Periya Karuppu (1936 – 18 September 2012) was an Indian character artiste and folk singer who appeared in Tamil-language films.

==Film career==
PKT was part of the drama troupe floated by veteran Sankaradoss Swamigal more than fifty years ago. Like many actors of his era, he had made the grade to films as an actor after toiling hard on stage where he used to be quite popular for his acting as well as in singing many folk songs.

His film career has spanned many decades in which he had starred in more than 200 films including a memorable role in Bharathiraaja's Mann Vasanai and in Gangai Amaren's Karagattakkaran which had memorable songs by Ilaiyaraaja. PKT has also sung a festival song in Kamal Haasan's Virumandi a few years back.
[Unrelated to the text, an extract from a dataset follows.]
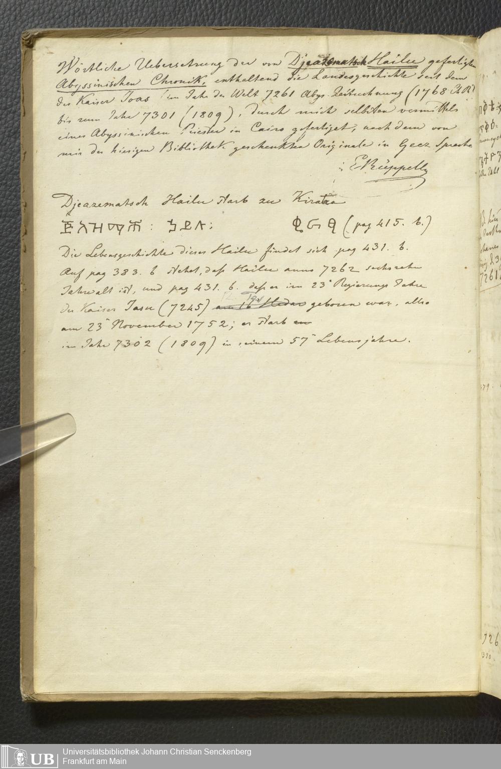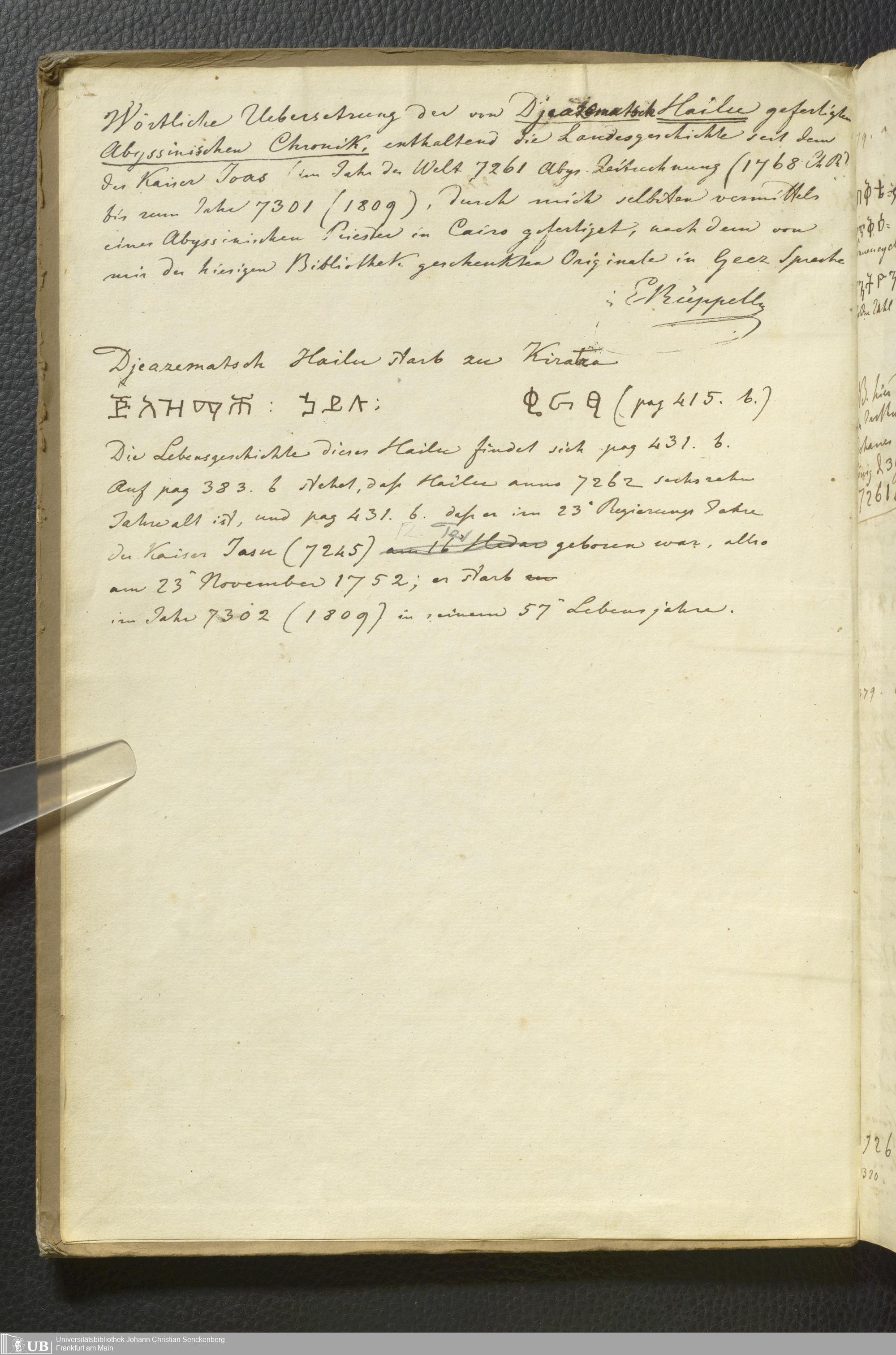 Ms. Ff. E. Rüppell II - Wörtliche Uebersetzung der von Djeazematsch Hailu gefertigten Abyssinischen Chronik, 1768 - 1809

He has four sons. One of his sons Virumandi, a director made his directorial debut with Ka Pae Ranasingam (2020).

==Partial filmography==
===Actor===

| Year | Film | Role | Notes |
| 1981 | Alaigal Oivathillai |  |  |
| 1987 | Ini Oru Sudhanthiram |  |  |
| 1989 | Enne Petha Raasa |  |  |
| 1990 | Mallu Vetti Minor |  |  |
| Naanum Indha Ooruthan |  |  |
| Puthu Paatu |  |  |
| Sandhana Kaatru |  |  |
| 1991 | Manasara Vazhthungalen | Chinna Karuppu Thevar |  |
| 1992 | Government Mappillai |  |  |
| Solaiyamma |  |  |
| Unna Nenachen Pattu Padichen |  |  |
| 1994 | Rajakumaran |  |  |
| 1995 | Gandhi Pirantha Mann |  |  |
| Ellame En Rasathan |  |  |
| Marumagan |  |  |
| Pasumpon | Accountant |  |
| Muthu Kaalai |  |  |
| 1996 | Senathipathi | Meenakshi's father |  |
| 1997 | Vasuke |  |  |
| 1999 | Chinna Durai |  |  |
| Azhagarsamy |  |  |
| Aasaiyil Oru Kaditham |  |  |
| 2001 | Nageswari |  |  |
| 2004 | Virumaandi |  |  |
| 2005 | Chandramukhi | Locksmith |  |
| Aanai |  |  |
| 2006 | Dharmapuri | Villager |  |
| Veyil |  |  |
| 2007 | Manikanda |  |  |
| Koodal Nagar |  |  |
| Puli Varudhu |  |  |
| 2008 | Kanchivaram | Mahadevan's father |  |
| Poo |  |  |
| 2009 | Thoranai | Panchayat Man |  |
| Mathiya Chennai |  |  |
| 2010 | Goa | Village Elder |  |
| 2011 | Aadukalam | Ayub |  |
| 2012 | Murattu Kaalai | Saroja's Grandfather |  |

===Singer===

| Year | Film | Song | Notes |
|---|---|---|---|
| 2008 | Poo | Sivakasi Rathiye |  |
| 2009 | Vedappan | Vandhuputtom Salangai |  |

==Death==
He died on 10 September 2012 and was survived by his four sons. He had suffered a massive cardiac arrest at his Saligramam residence and died in hospital.